> **RECORDS SUPPLIED**:
========================

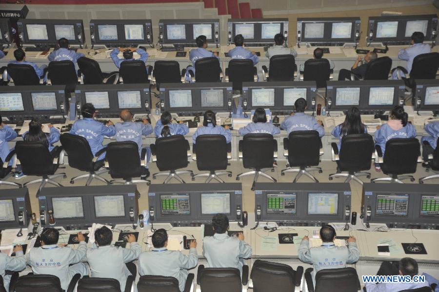 | Technicians make the first adjustment to the test orbiter for lunar mission at the Beijing Aerospace Control Center, in Beijing, China, Oct. 24, 2014. The test orbiter made its first adjustment successfully at 4: 29 p.m. on Friday under technicians' accurate control. (Xinhua/Tian Zhaoyun) |
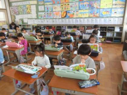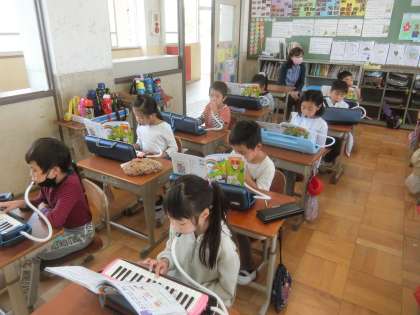 2年生の音楽では,久しぶりに鍵盤ハーモニカを演奏しました。これまでキーボードで練習してきた成果を発揮し,みんなで合わせて演奏できました。
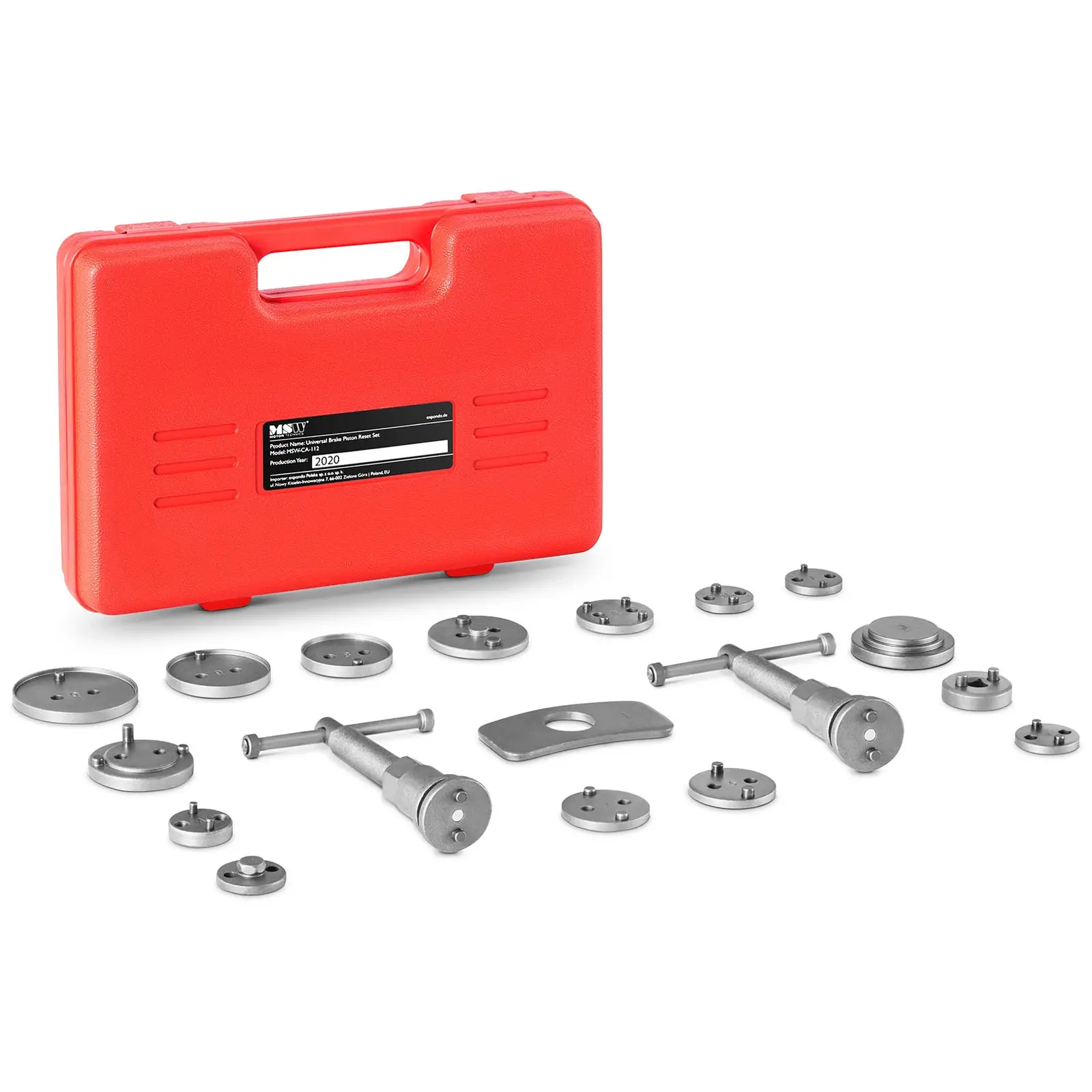 Jarrumännän palautuslaite MSW-CA-112 on ammattimainen työkalusarja eri automerkkien jarrumäntien sisään painamiseen. Tämän työkalusarjan avulla voidaan käsitellä sekä etu- että takapyörän jarruja. Kaksi kierteitettyä karaa ja eri sovittimet mahdollistavat vaivattoman työskentelyn erilaisten jarrumallien parissa. Autotyökalu sopii yhtä hyvin niin ammattikorjaamoihin kuin innokkaille autoharrastajillekin. Jarrusatulan mäntien palautustyökalu tarjoaa useita erilaisia sovittimia, joita voidaan käyttää kaikissa yleisissä jarrumalleissa niiden eri muotojen ja kokojen vuoksi. 15 sovitinta on merkitty kirjaimilla ja numeroilla, jotta löydät helposti etsimäsi osan ajoneuvoon. Kummankin pyörivän karan T-kahvat takaavat vahvan ja luotettavan yhteyden sovittimiin käytön aikana. Työkalusarja sisältää sekä oikealle että vasemmalle kääntyvän kierrekaran – käyttöalueesta ja henkilökohtaisesta työskentelytavasta riippuen. Molemmat työkalun kierrekarat on varustettu käytännöllisellä T-kahvalla, jonka avulla syntyvä voima välittyy jarrumäntiin – vastaava mäntä voidaan siten palauttaa vaivattomasti. Kaikki tämän sarjan työkaluelementit on valmistettu hiiliteräksestä, joten ne ovat ihanteellisia ajoneuvojen jarrujen parissa voimaa vaativaan työskentelyyn. Materiaali on erittäin vankkaa ja kestävää, eikä rikkoudu herkästi. Yksittäiset työkalun osat pysyvät siten lähes ikuisesti ehjinä ja takaavat pitkän käyttöiän sekä kestävyyden. Koko työkalusarja toimitetaan käytännöllisessä muovisalkussa, joissa jokaisella työkalun osalla on oma syvennys, joten niitä voidaan säilyttää erittäin siististi. Ergonomisesti muotoillun kantokahvan ansiosta säilytyssalkkua voidaan kantaa mukavasti.
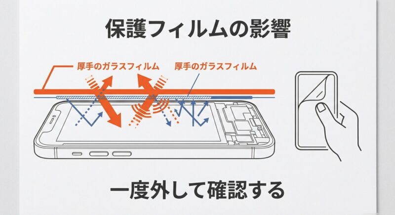 もうひとつ多いのが保護フィルム。特に厚手のガラスフィルムは、機種や個体差によってはタッチのしきい値に影響することがあります。
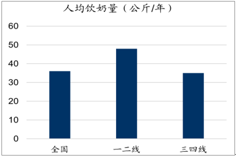 根据统计,2016年中国人均饮奶量为 36公斤/年,其中一二线城市的人均饮奶量为 48 公斤/年,但是三四线城市的人均饮奶量仅有15公斤/年,明显低于全国平均水平,具有较大的上升空间。另外,随着我国城镇化水平的提升,农村地区的收入和消费水平均有显著的提升,农村地区社会零售品总额增速自 2012 年起持续超过城市地区,消费能力显著提高。由于当前三四线城市乳品渗透率较低,未来乳制品进一步向三四线城市渗透将成为乳制品行业新的增长点。
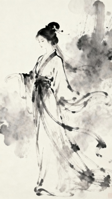 古典美人,工笔细腻描绘,水墨淡雅渲染,尽显古韵风华。
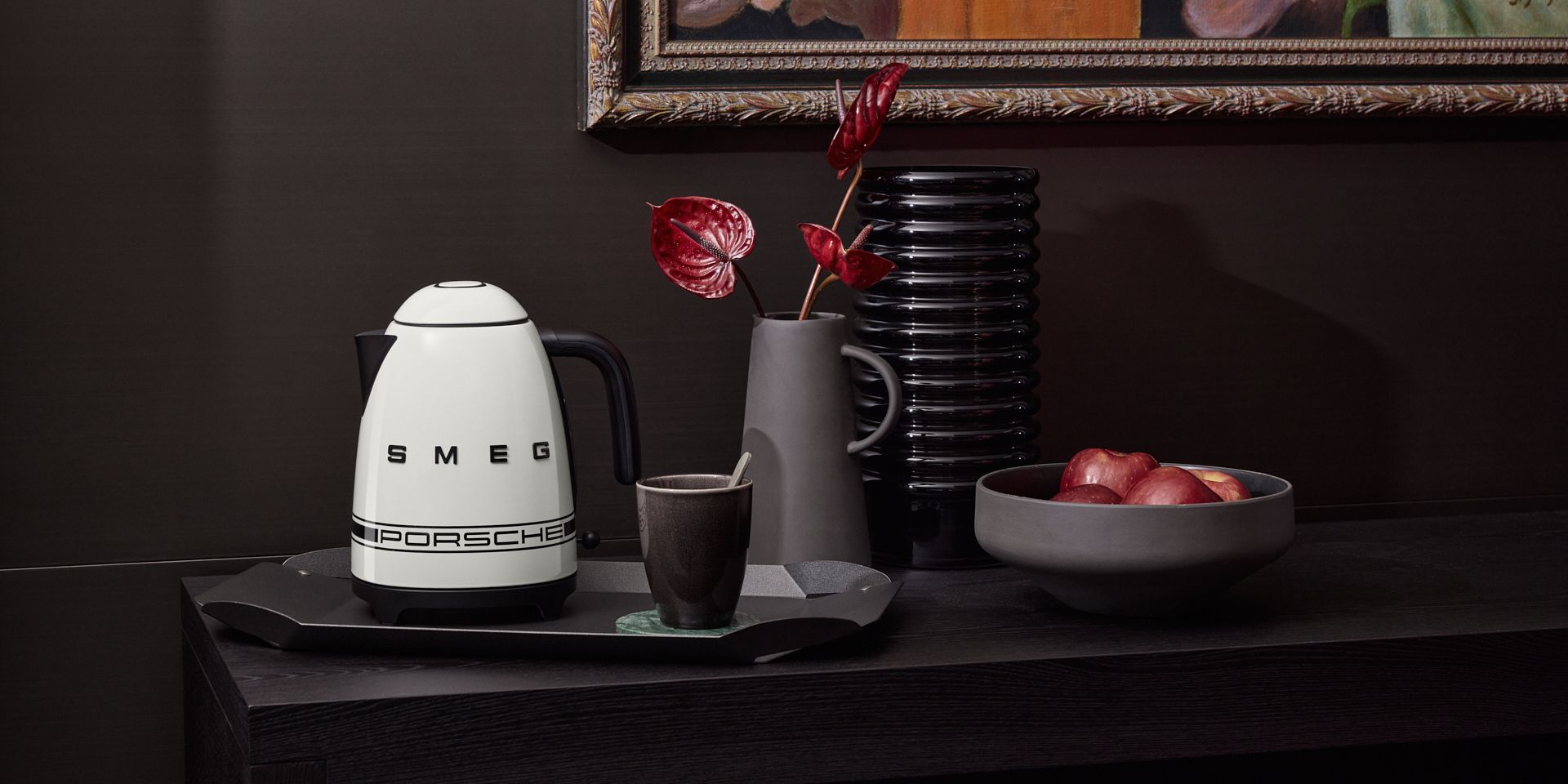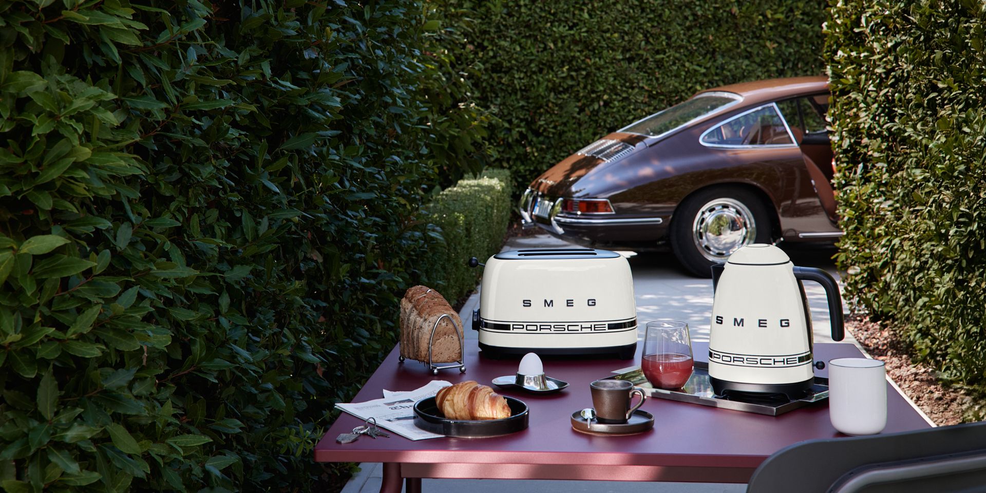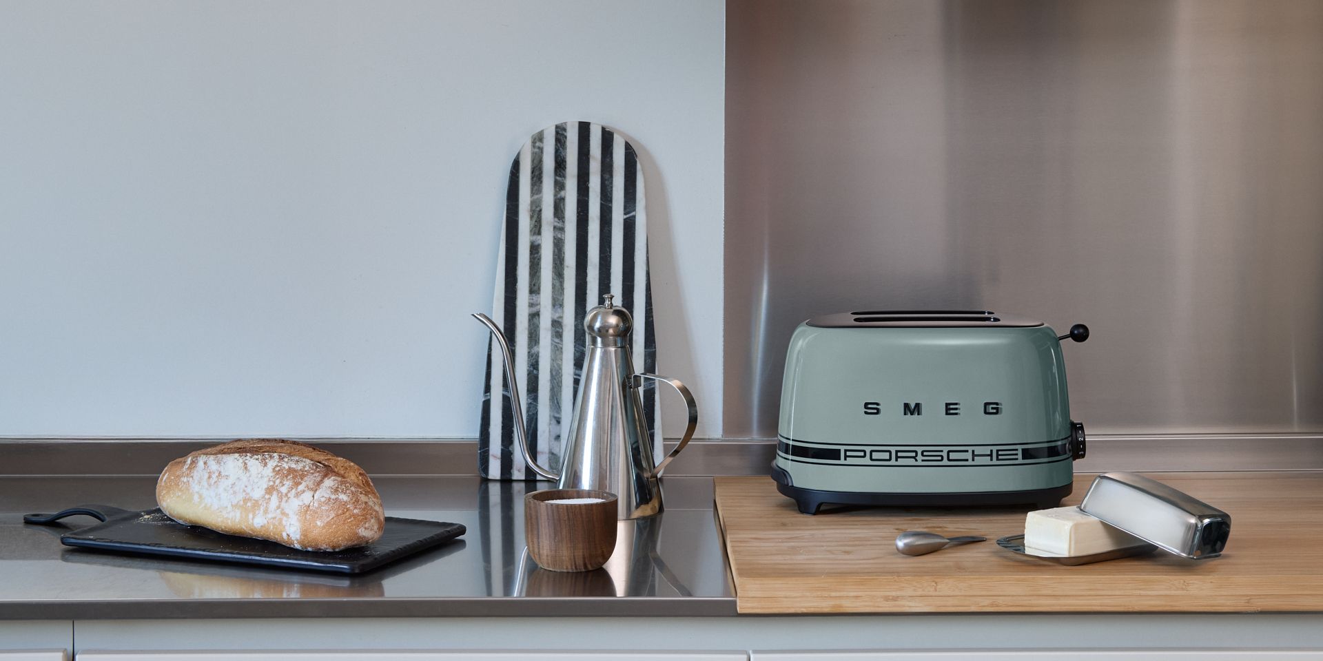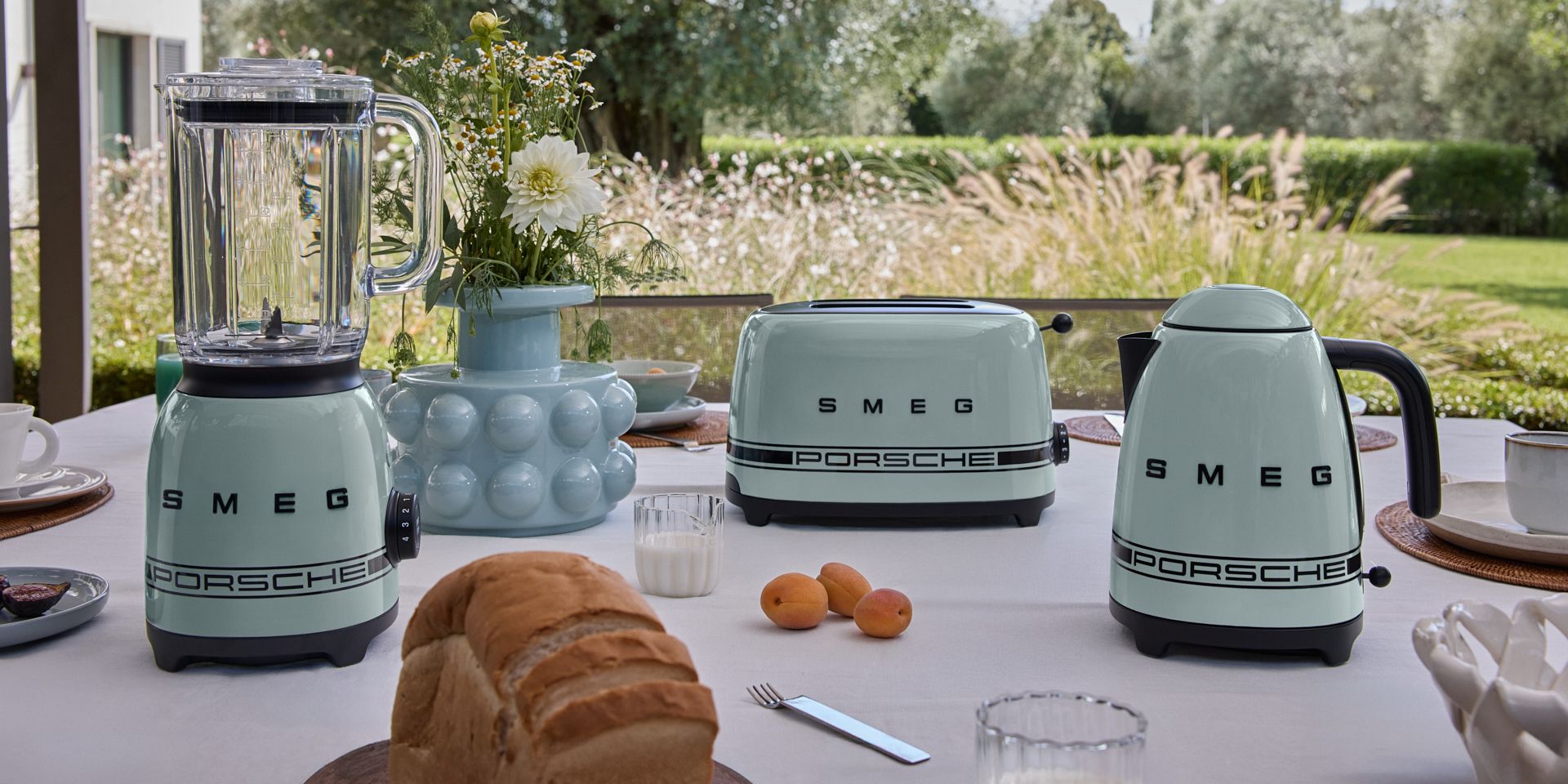 Depth with sophistication. The Porsche x SMEG Shade Green fridge, toaster, kettle and blender brings a layered, contemporary tone that shifts subtly with the light and plays with matte‑black finishing. Products that couple refined aesthetics with confident capability to serve your everyday without compromise.

========================

> **WORK REQUEST**:
Set down the records above exactly as written, beginning with the first line and ending with the line that contains "2年生の音楽では,久しぶりに", and do not include pictures.

> **OUTPUT**:
 | Technicians make the first adjustment to the test orbiter for lunar mission at the Beijing Aerospace Control Center, in Beijing, China, Oct. 24, 2014. The test orbiter made its first adjustment successfully at 4: 29 p.m. on Friday under technicians' accurate control. (Xinhua/Tian Zhaoyun) |
 2年生の音楽では,久しぶりに鍵盤ハーモニカを演奏しました。これまでキーボードで練習してきた成果を発揮し,みんなで合わせて演奏できました。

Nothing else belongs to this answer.